Gertz later cites some secret SouthCom report about China trying to use its economic interests in the region to supplant U.S. military power. He cites intell support to Venezuela's Chavez and arms sales to Cuba. All of this stuff if piddling in the extreme, compared to our broadband mil-to-mil interactions throughout Asia. Putting China's current efforts in the Western Hemisphere in the same light is a bit much. Where China is really vulnerable is in the Persian Gulf, where the U.S. just so happens to have the bulk of its overseas forces right now engaged in an occupation of the world's second largest source of oil. If you think that somehow China "controlling" the Panama Canal (which has become so irrelevant thanks to new ships that are beyond "Panamax"--or too big to go through the canal, that officials there are talking about widenind it) compares to our military domination of the Straits of Hormuz when it comes to the global economy and how it works, then you're sorry misinformed.

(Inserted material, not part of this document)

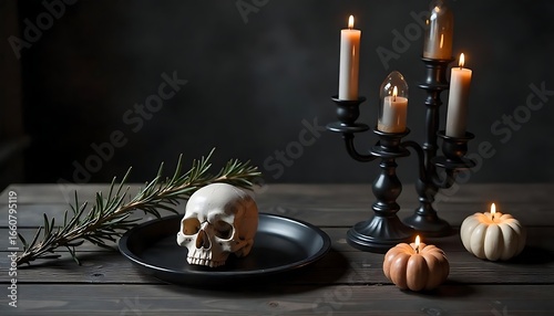 Obraz premium Halloween still life featuring a skull on a plate, lit candles in a...

America is going to need a lot of help in shrinking the Gap. China will need to be a significant player. We cannot even dream of pursuing such a strategy while maintaining a fear-based, competitive relationship with China. Either we choose to do something about the Gap in order to win this global war on terrorism, or we choose to plan on China as the near-peer and start locking down America from terrorist attacks. You tell me which speaks to a better world and richer, more developed America.